Subtil ist Borat natuerlich keine Sekunde, jedenfalls nicht an der Oberflaeche. Ganz im Gegenteil, einen derart brachialen, derben und mitunter auch voellig geschmacklosen Humor hat man selten gesehen. Man muss also schon fuer einen kurzen Moment innehalten um zwischen den ganzen Absurditaeten und zwerchfellzerreissenden Zoten herauszufiltern, was zu filtern ist - eine clever verpackte Kritik an den Vereinigten Staaten von Amerika. Eine Kritik, die sich am steilen Kontrast zum Ostblockstaat Kasachstan formiert, in dessen Namen Borat sich einem dokumentarisch aufbereiteten Kulturaustausch unterzieht.

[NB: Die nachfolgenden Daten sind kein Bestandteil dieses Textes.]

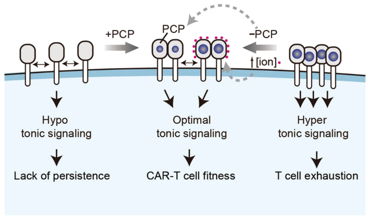 In this study, researchers revealed that electrostatic interactions mediated by positively charged patches (PCP) on the CAR surface drive tonic signaling (Figure 1). Most CAR-T cells targeting solid tumors tend to become exhausted due to the high tonic signaling intensity. However the tonic signaling of solid tumor CAR-T cells could be attenuated by increasing the ionic strength during the culture or shrinking the PCP. Conversely, some CAR-T cells targeting blood cancersmay have poor persistence due to insufficient tonic signal intensity, such as CD19 and CD22 CARs, while the tonic signal of such CAR-T cells can be enhanced by increasing the PCP to improve their in vivo persistence.

Zwischen all den lustigen Szenen verstecken sich naemlich die nachdenklichen, ungeheuerlichen, ja manchmal sogar unglaublichen Momente. Es sind Momente von entbloessender Ehrlichkeit, herausgefordert durch die unkonventionelle Vorgehensweise Borats, dessen Gespraechspartner meist sehr zuegig entlarvt werden, als waeren sie ploetzlich nackt, oder haetten soeben ihre Seele an einen dahergelaufenen Kasachen verkauft. Sein gesellschaftskritischer Streifzug fuehrt ihn dabei durch die verschiedenen Bundesstaaten und deren Schichten und Gruppierungen: Feministinnen, Cowboys, fanatische Christen, Politiker, Intellektuelle, Ghettokids, Prostituierte oder trinkfeste Studenten - nichts und niemand ist vor Borat und seinen entwaffnenden Fragen sicher.

Der bewusst halbdokumentarische Stil fuehrt aber nicht nur seine “Opfer” hinters falsche Licht, sondern laesst auch den Zuschauer nicht selten im unklaren darueber was nur kuenstlich inszeniert, und was tatsaechlich trauriger Ernst ist. Und genau in dieser absichtlichen Weigerung, sich keiner Seite der Medallie anzubiedern, und sich auch nicht leichtfertig kategorisieren und pauschalisieren zu lassen, liegt die ungeheure Kraft dieses Films. Er fuehlt sich eben einfach anders an - weder wie eine platte Komoedie, die ihre wenigen Hoehepunkte einer ausgehungerten Meute selbstzweckhaft zum Frass vorwirft, noch wie eine ausschliesslich an ernsthafter Kritik interessierten Dokumentation, die sich und ihr Anliegen derart wichtig nimmt, dass man sich die Koepfe darueber zerschlagen muesste.